■ **EXERCISE**
Print, exactly as they stand, the lines below from the one that has "2009/09/29 | 05:08:03.7" to the one that has "(1)丁香花的花苞圆圆的,鼓鼓的,恰如衣襟上的盘花扣。", inclusive, leaving out the pictures.

(Beginning of RECORDS SUPPLIED)

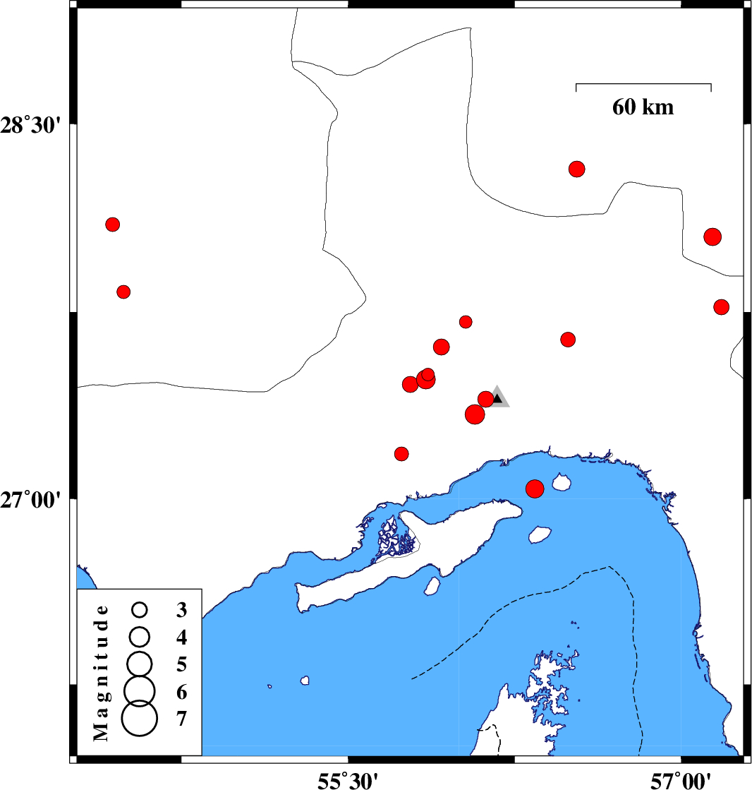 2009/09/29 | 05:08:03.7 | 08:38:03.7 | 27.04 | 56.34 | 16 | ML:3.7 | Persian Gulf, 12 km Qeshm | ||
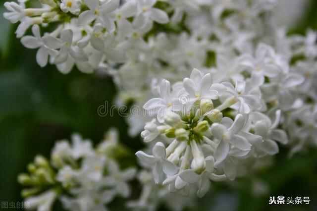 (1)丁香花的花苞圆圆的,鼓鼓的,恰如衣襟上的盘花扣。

(End of RECORDS SUPPLIED)
(Beginning of RECORDS SUPPLIED)

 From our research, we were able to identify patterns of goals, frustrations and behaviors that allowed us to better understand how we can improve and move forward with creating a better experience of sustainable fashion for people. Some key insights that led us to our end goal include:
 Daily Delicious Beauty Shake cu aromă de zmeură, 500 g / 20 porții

(End of RECORDS SUPPLIED)
(Beginning of RECORDS SUPPLIED)

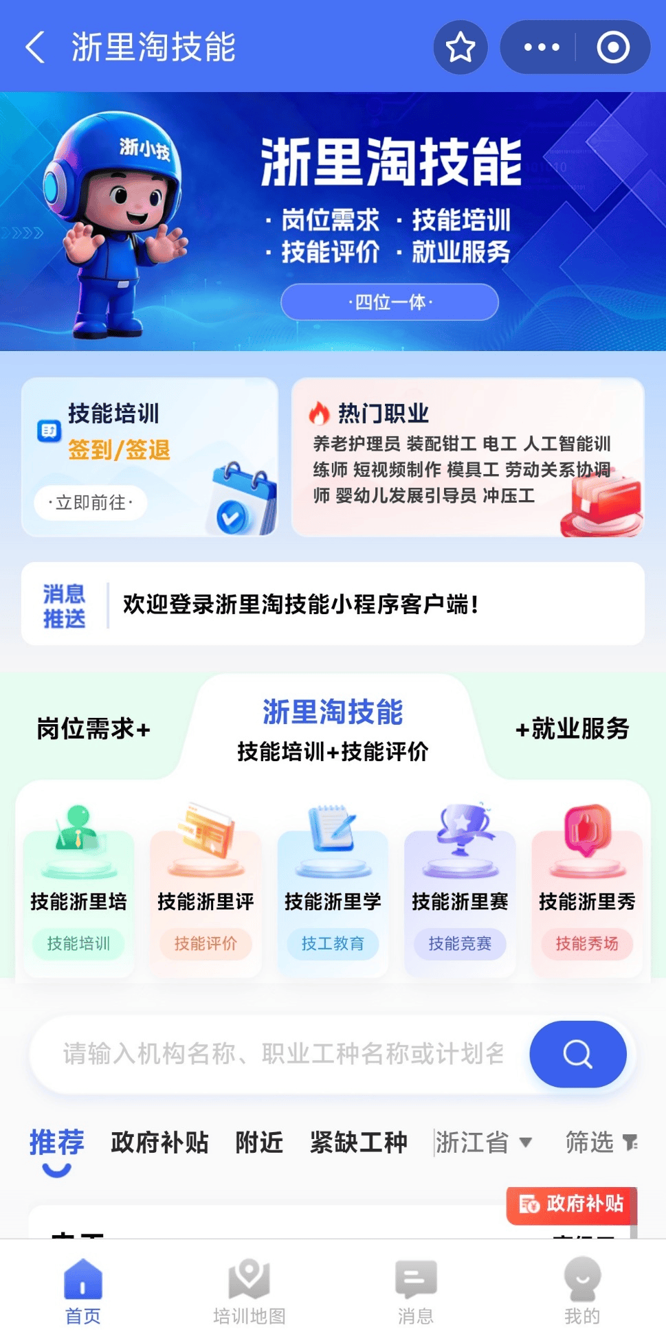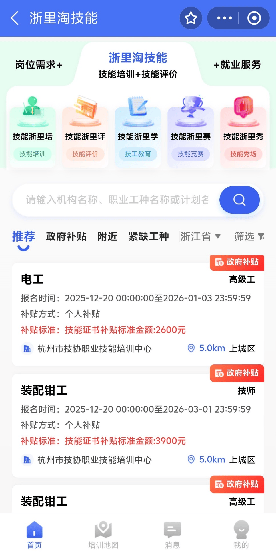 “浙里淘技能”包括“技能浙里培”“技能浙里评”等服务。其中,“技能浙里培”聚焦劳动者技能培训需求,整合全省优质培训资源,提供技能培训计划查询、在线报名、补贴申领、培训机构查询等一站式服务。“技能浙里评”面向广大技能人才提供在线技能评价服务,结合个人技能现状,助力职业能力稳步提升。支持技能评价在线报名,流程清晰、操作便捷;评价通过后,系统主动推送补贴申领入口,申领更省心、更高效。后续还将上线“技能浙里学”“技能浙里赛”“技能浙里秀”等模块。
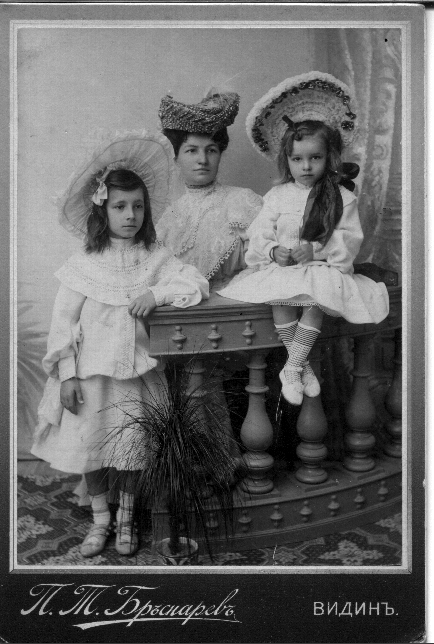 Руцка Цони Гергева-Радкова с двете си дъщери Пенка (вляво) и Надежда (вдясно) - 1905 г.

(End of RECORDS SUPPLIED)

■ **EXERCISE OUTPUT**
 2009/09/29 | 05:08:03.7 | 08:38:03.7 | 27.04 | 56.34 | 16 | ML:3.7 | Persian Gulf, 12 km Qeshm | ||
 (1)丁香花的花苞圆圆的,鼓鼓的,恰如衣襟上的盘花扣。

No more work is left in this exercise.